### [Your assignment]
Only the text should come through, so restate the listing exactly and drop its images.

### [Source data]
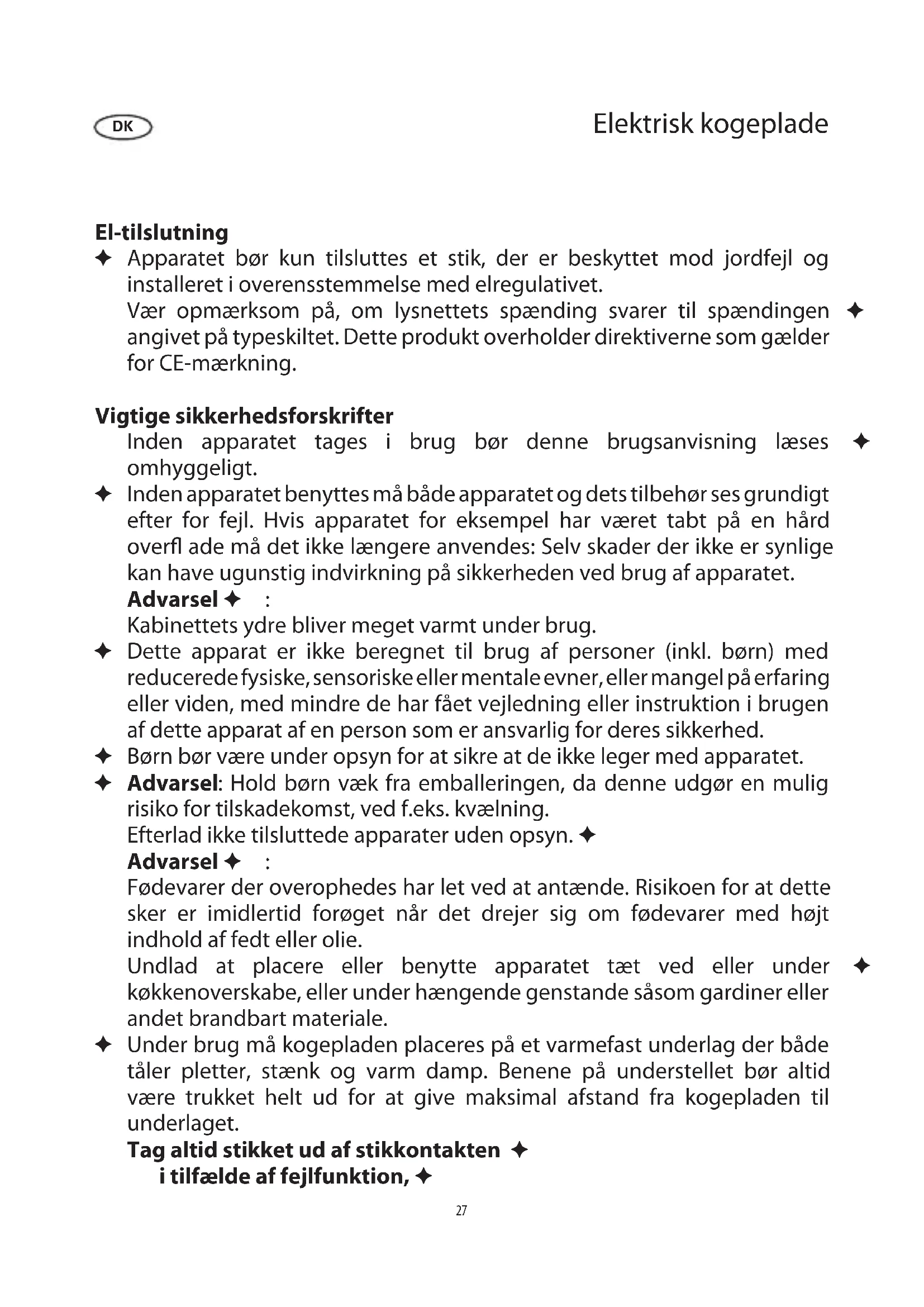 27efter brug, ✦ inden rengøring af apparatet. ✦ Træk aldrig i selve ledningen, når ledningen tages ud af stikkontakten; ✦ tag altid fat i selve stikket. Lad ikke ledningen hænge løst ud over bordkanten. ✦ Hold altid ledningen fra dette eller andre apparater langt væk fra ✦ kogepladens varme dele. Apparatet er ikke beregnet til brug ved hjælp af en ekstern timer eller et ✦ separat ernstyringssystem. Vi påtager os ikke ansvaret for skader, der skyldes misbrug eller manglende ✦ overholdelse af denne brugsanvisning. Dette apparat er kun beregnet til privat brug, og ikke til erhvervsmæssig ✦ anvendelse. Benyt kun originale tilbehørsdele; brug af andet tilbehør end det som er ✦ leveret fra producenten kan forårsage alvorlig risiko for brugeren. For at overholde sikkerhedsreglerne og for at undgå farer, skal ✦ reparationer af el-artikler, herunder udskiftning af el-ledningen, altid udføres af kvali ceret personale. Hvis apparatet skal repareres, skal det sendes til en af vore afdelinger for kundeservice. Adresserne ndes i tillægget til denne brugsanvisning. Før brug Inden apparatet første gang tages i brug skal man lade det varme op ✦ i ca. 3 minutter på højeste indstilling (uden at placere en gryde eller stegepande på kogepladen) mens man sørger for tilstrækkelig udluftning. Det vil bevirke at det beskyttende lag som skal beskytte kogepladen mod korrosion bliver ’brændt ind’ i kogepladen. Under denne proces kan der opstå lidt lugt og der kan afgives lidt røg. Dette er normalt og det vil kun være kortvarigt. Bagefter rengøres kogepladen som anvist i afsnittet om ✦ Generel rengøring og vedligehold herunder. Betjening Sørg altid for at placere en gryde/stegepande på kogepladen inden der ✦ tændes for den. Sørg for at kogegrejet er rent og tørt på ydersiden. Benyt aldrig gryder/ ✦ stegepander der er sodsværtede. For ikke at beskadige kogepladen må der kun benyttes gryder/ ✦ stegepander med helt plan bund. Mest velegnet er kogegrej der er fremstillet specielt til brug på elektriske komfurer (se billede I). Sørg altid for at gryden/stegepanden der benyttes som minimum har ✦ 28samme diameter som kogepladen; dette formindsker varmetabet og modvirker at kogepladen beskadiges på grund af uensartet varmefordeling. Termostat indstilling 6 : Forvarmning og lynstegning ✦ 4-5 : Almindelig kogning, stegning ✦ 3-4 : Småkoge, simre ✦ 1-2 : Holde varm ✦ Drej termostatknappen hen på positionen ‘z’ efter brug. For at sikre at kogepladen er fuldstændigt slukket, tages stikket altid ud af stikkontakten efter brug. Indikatorlys Indikatorlyset er tændt så længe kogepladen varmer op. Det slukker når den forindstillede temperatur er nået. Generel rengøring og vedligehold Sørg for at stikket er taget ud af stikkontakten og at apparatet er kølet ✦ fuldstændigt af inden rengøring. For at undgå elektrisk stød bør apparatet ikke rengøres med vand og ✦ heller ikke nedsænkes i vand. Benyt ikke skuremidler eller skrappe rengøringsmidler. ✦ Efter brug kan man benytte en opvredet klud til at erne stænk fra ✦ kogepladen. Kogepladen bør med jævne mellemrum behandles med et specielt ✦ rensemiddel til vedligehold af kogeplader. Bortska else Gamle eller defekte apparater må aldrig smides ud sammen med husholdningsa aldet, de skal a everes på den lokale genbrugsstation. Garantierklæring På dette husholdningsprodukt overtager vi garantien i to år fra salgsdatoen. Garantien gælder for materiale- og fabrikationsfejl. Skader, der er opstået som følge af forkert behandling, normalt slid samt på skørbare dele som f.eks. glas, dækkes ikke af garantien. Denne garanti har ingen indvirkning på dine lovmæssige rettigheder, heller ikke de nationale forbrugerrettigheder om anska else af varer. Hvis produktet ikke fungerer og må returneres, skal det pakkes forsvarligt ind, og navn, adresse samt årsagen til returneringen skal 29vedlægges. Hvis dette sker mens garantien stadig dækker, må garantibeviset og kvitteringen også lægges ved. Garantien bortfalder ligeledes ved indgreb på produktet af folk, der ikke er autoriseret af os. 30Elektrisk kokplatta av bordsmodell Anslutning till vägguttaget Apparaten bör endast anslutas till ett felfritt jordat uttag installerat enligt ✦ gällande bestämmelser. Se till att nätspänningen i vägguttaget motsvarar den som är märkt på ✦ apparatens skylt. Denna produkt uppfyller de krav som är gällande för CE-märkning. Viktiga säkerhetsinstruktioner Innan du använder apparaten bör du läsa bruksanvisningen noga. ✦ Kontrollera noga om det märks några defekter innan apparaten används, ✦ både på huvudenheten och monterade tillsatser. Om apparaten t ex har tappats på en hård yta får den inte längre användas. Även osynliga skador kan försämra apparatens driftsäkerhet. Varning ✦ : De ytor i höljet som man kommer åt kan bli mycket heta under användningen. Denna apparat bör inte användas av personer (inklusive barn) som har ✦ minskad fysisk rörelseförmåga, reducerat sinnes- eller mentaltillstånd, eller som saknar erfarenhet och kunskap att använda dylika apparater. Dessa personer bör antingen endast använda apparaten under tillsyn av en person som är ansvarig för deras säkerhet eller också få tillräckliga instruktioner beträ ande apparatens användning. Se till att barn inte leker med apparaten. ✦ Varning ✦ : Håll barn på avstånd från apparatens förpackningsmaterial eftersom fara eventuellt kan uppstå. Det nns t.ex. risk för kvävning. Apparaten bör alltid vara under uppsikt när den är i användning. ✦ Varning ✦ : Mat kan antändas om den upphettas alltför mycket. Sannolikheten för att detta skall hända är dock större med mat som innehåller mycket fett eller olja. Placera inte apparaten eller använd apparaten nära eller under väggskåp ✦ eller hängande föremål såsom gardiner eller annat lättantändli
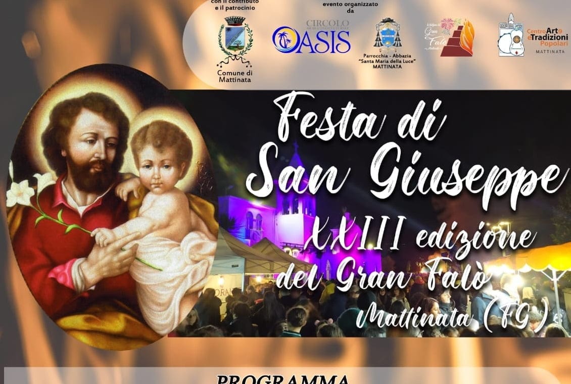 L’evento organizzato dal Circolo Oasis, con il supporto del Comune di Mattinata e la collaborazione della Parrocchia Santa Maria della Luce e del Centro Arte e Tradizioni Popolari, si svolgerà il 18 e il 19 marzo 2024 con un programma sia civile che religioso.
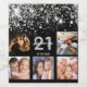 Para uma festa de aniversário de 21 (ou qualquer idade), celebrando sua vida com uma colagem de 5 fotos suas. Personalize e adicione um nome, 21 anos e uma data. Data de nascimento ou data da festa. Letras brancas e cinzas coloridas. Cor de fundo preto clássico, decorada com pó falso prateado

### [Solution to this task]
 27efter brug, ✦ inden rengøring af apparatet. ✦ Træk aldrig i selve ledningen, når ledningen tages ud af stikkontakten; ✦ tag altid fat i selve stikket. Lad ikke ledningen hænge løst ud over bordkanten. ✦ Hold altid ledningen fra dette eller andre apparater langt væk fra ✦ kogepladens varme dele. Apparatet er ikke beregnet til brug ved hjælp af en ekstern timer eller et ✦ separat ernstyringssystem. Vi påtager os ikke ansvaret for skader, der skyldes misbrug eller manglende ✦ overholdelse af denne brugsanvisning. Dette apparat er kun beregnet til privat brug, og ikke til erhvervsmæssig ✦ anvendelse. Benyt kun originale tilbehørsdele; brug af andet tilbehør end det som er ✦ leveret fra producenten kan forårsage alvorlig risiko for brugeren. For at overholde sikkerhedsreglerne og for at undgå farer, skal ✦ reparationer af el-artikler, herunder udskiftning af el-ledningen, altid udføres af kvali ceret personale. Hvis apparatet skal repareres, skal det sendes til en af vore afdelinger for kundeservice. Adresserne ndes i tillægget til denne brugsanvisning. Før brug Inden apparatet første gang tages i brug skal man lade det varme op ✦ i ca. 3 minutter på højeste indstilling (uden at placere en gryde eller stegepande på kogepladen) mens man sørger for tilstrækkelig udluftning. Det vil bevirke at det beskyttende lag som skal beskytte kogepladen mod korrosion bliver ’brændt ind’ i kogepladen. Under denne proces kan der opstå lidt lugt og der kan afgives lidt røg. Dette er normalt og det vil kun være kortvarigt. Bagefter rengøres kogepladen som anvist i afsnittet om ✦ Generel rengøring og vedligehold herunder. Betjening Sørg altid for at placere en gryde/stegepande på kogepladen inden der ✦ tændes for den. Sørg for at kogegrejet er rent og tørt på ydersiden. Benyt aldrig gryder/ ✦ stegepander der er sodsværtede. For ikke at beskadige kogepladen må der kun benyttes gryder/ ✦ stegepander med helt plan bund. Mest velegnet er kogegrej der er fremstillet specielt til brug på elektriske komfurer (se billede I). Sørg altid for at gryden/stegepanden der benyttes som minimum har ✦ 28samme diameter som kogepladen; dette formindsker varmetabet og modvirker at kogepladen beskadiges på grund af uensartet varmefordeling. Termostat indstilling 6 : Forvarmning og lynstegning ✦ 4-5 : Almindelig kogning, stegning ✦ 3-4 : Småkoge, simre ✦ 1-2 : Holde varm ✦ Drej termostatknappen hen på positionen ‘z’ efter brug. For at sikre at kogepladen er fuldstændigt slukket, tages stikket altid ud af stikkontakten efter brug. Indikatorlys Indikatorlyset er tændt så længe kogepladen varmer op. Det slukker når den forindstillede temperatur er nået. Generel rengøring og vedligehold Sørg for at stikket er taget ud af stikkontakten og at apparatet er kølet ✦ fuldstændigt af inden rengøring. For at undgå elektrisk stød bør apparatet ikke rengøres med vand og ✦ heller ikke nedsænkes i vand. Benyt ikke skuremidler eller skrappe rengøringsmidler. ✦ Efter brug kan man benytte en opvredet klud til at erne stænk fra ✦ kogepladen. Kogepladen bør med jævne mellemrum behandles med et specielt ✦ rensemiddel til vedligehold af kogeplader. Bortska else Gamle eller defekte apparater må aldrig smides ud sammen med husholdningsa aldet, de skal a everes på den lokale genbrugsstation. Garantierklæring På dette husholdningsprodukt overtager vi garantien i to år fra salgsdatoen. Garantien gælder for materiale- og fabrikationsfejl. Skader, der er opstået som følge af forkert behandling, normalt slid samt på skørbare dele som f.eks. glas, dækkes ikke af garantien. Denne garanti har ingen indvirkning på dine lovmæssige rettigheder, heller ikke de nationale forbrugerrettigheder om anska else af varer. Hvis produktet ikke fungerer og må returneres, skal det pakkes forsvarligt ind, og navn, adresse samt årsagen til returneringen skal 29vedlægges. Hvis dette sker mens garantien stadig dækker, må garantibeviset og kvitteringen også lægges ved. Garantien bortfalder ligeledes ved indgreb på produktet af folk, der ikke er autoriseret af os. 30Elektrisk kokplatta av bordsmodell Anslutning till vägguttaget Apparaten bör endast anslutas till ett felfritt jordat uttag installerat enligt ✦ gällande bestämmelser. Se till att nätspänningen i vägguttaget motsvarar den som är märkt på ✦ apparatens skylt. Denna produkt uppfyller de krav som är gällande för CE-märkning. Viktiga säkerhetsinstruktioner Innan du använder apparaten bör du läsa bruksanvisningen noga. ✦ Kontrollera noga om det märks några defekter innan apparaten används, ✦ både på huvudenheten och monterade tillsatser. Om apparaten t ex har tappats på en hård yta får den inte längre användas. Även osynliga skador kan försämra apparatens driftsäkerhet. Varning ✦ : De ytor i höljet som man kommer åt kan bli mycket heta under användningen. Denna apparat bör inte användas av personer (inklusive barn) som har ✦ minskad fysisk rörelseförmåga, reducerat sinnes- eller mentaltillstånd, eller som saknar erfarenhet och kunskap att använda dylika apparater. Dessa personer bör antingen endast använda apparaten under tillsyn av en person som är ansvarig för deras säkerhet eller också få tillräckliga instruktioner beträ ande apparatens användning. Se till att barn inte leker med apparaten. ✦ Varning ✦ : Håll barn på avstånd från apparatens förpackningsmaterial eftersom fara eventuellt kan uppstå. Det nns t.ex. risk för kvävning. Apparaten bör alltid vara under uppsikt när den är i användning. ✦ Varning ✦ : Mat kan antändas om den upphettas alltför mycket. Sannolikheten för att detta skall hända är dock större med mat som innehåller mycket fett eller olja. Placera inte apparaten eller använd apparaten nära eller under väggskåp ✦ eller hängande föremål såsom gardiner eller annat lättantändli
 L’evento organizzato dal Circolo Oasis, con il supporto del Comune di Mattinata e la collaborazione della Parrocchia Santa Maria della Luce e del Centro Arte e Tradizioni Popolari, si svolgerà il 18 e il 19 marzo 2024 con un programma sia civile che religioso.
 Para uma festa de aniversário de 21 (ou qualquer idade), celebrando sua vida com uma colagem de 5 fotos suas. Personalize e adicione um nome, 21 anos e uma data. Data de nascimento ou data da festa. Letras brancas e cinzas coloridas. Cor de fundo preto clássico, decorada com pó falso prateado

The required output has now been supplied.